Sebelum menjadi anjing, aku ini juga manusia seperti kalian. Ternyata, aku cukup berbakat menjadi anjing. Dan beginilah cerita awal mula kenapa aku bisa jadi anjing.
Saat itu kekasihku marah besar kepadaku. Dan dia begitu sangat marah. Padahal masalahnya hanya sepele. Tapi mungkin karena masalah itu terlalu sering terjadi, ia jadi marah sebegitu hebatnya. Ia seperti menyimpan kemarahannya jauh-jauh hari, dan sekarang adalah puncaknya. Gunung telah meletus.
''Anjing! Bajingan! Keparat!'' Ia mengumpat sejadi-jadinya kepadaku. Wajahnya yang tadinya sangat cantik, berubah begitu saja seperti setan. Dan sebenarnya aku mau balik marah padanya, tapi aku tak bisa marah. Jadi mataku hanya jadi merah seketika itu juga. Mulutku kelu, dan tubuhku menjadi dingin merinding.
''Aku bukan anjing! Aku bukan anjing..,'' kataku dalam hati sambil menggeleng.
Sebenarnya aku ingin bercerita kepadamu kenapa kami bisa bertengkar, apa sebab dan kenapa hal ini bisa terjadi. Tapi sayang, ini hanya kami yang tahu, bagaimanapun aku harus menjaga rahasia, aku sudah berjanji. Walaupun aku seekor anjing, aku bisa jaga rahasia..
''Anjing! Anjing tetap anjing!'' Suaranya menggelegar. Seperti ada gemuruh dan ombak ganas memenuhi batok kepalaku. Aku tak habis pikir ia bisa semarah ini. Jari telunjuknya yang lentik itu menunjuk-nunjukku penuh amarah. Sesekali mengenai pelipisku yang mulai berkeringat.

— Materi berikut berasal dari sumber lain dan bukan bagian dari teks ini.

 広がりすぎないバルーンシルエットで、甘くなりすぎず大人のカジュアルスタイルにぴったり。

Taman tempat kami berpijak sudah sepi, hari mulai senja, matahari akan pulang ke peraduan. Dan angin menjadi begitu magis, menyentuh tubuh dan hatiku dan rambut panjang kekasihku. Langit mendung. Suasana berubah menjadi mencekam.

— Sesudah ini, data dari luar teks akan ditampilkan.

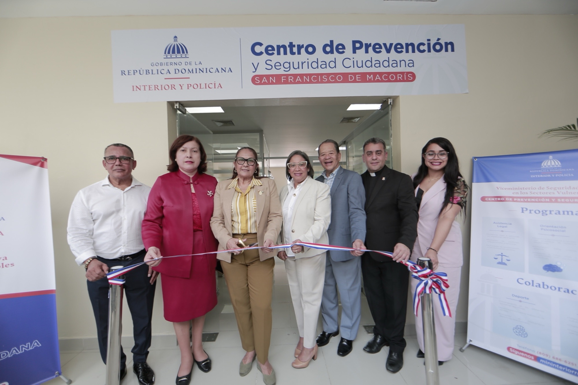 Asistieron a la inauguración la viceministra de Seguridad Preventiva en Gobiernos Provinciales, Ángela Jáquez; Ana Xiomara Cortés, gobernadora provincial; Esmarlin Rodríguez, fiscal titular; Isaac García, rector la Universidad Católica Nordestana; Misael Amparo, párroco de la catedral Santa Ana, quien bendijo la obra.

''Anjing! Keparat!'' Ia masih mengumpatku, dan aku hanya diam. Karena aku hanya diam, dia lelah dan kalah tanpa perlawananku. Dia pergi. Aku melihatnya berlalu begitu kesal. Punggungnya naik turun, dan berjalan begitu cepat. Pergi.
Aku masih diam, tak bergerak sedikit pun. Tubuhku menjadi begitu kaku. Dan kemudian turun hujan, aku tak bisa beranjak, seperti ada yang menancapkanku ke tanah. Detik selanjutnya, seperti yang kautebak, pelan-pelan aku punya bulu hitam, mulutku jadi mocong, terus hingga aku jadi anjing, seekor anjing sempurna. Begitu saja.
Aku merasakan darahku mendidih, seperti dimasak di atas wajan paling panas, dadaku terus bergemuruh, ada angin ribut di sana, aku merasa aku ini sangat ganas. Aku merasa sakit, begitu sangat sakit. Terutama di dadaku. Maka aku berteriak sekencang-kencangnya. Tapi bukan suaraku teriakan manusia terdengar, yang terdengar gong-gongan anjing.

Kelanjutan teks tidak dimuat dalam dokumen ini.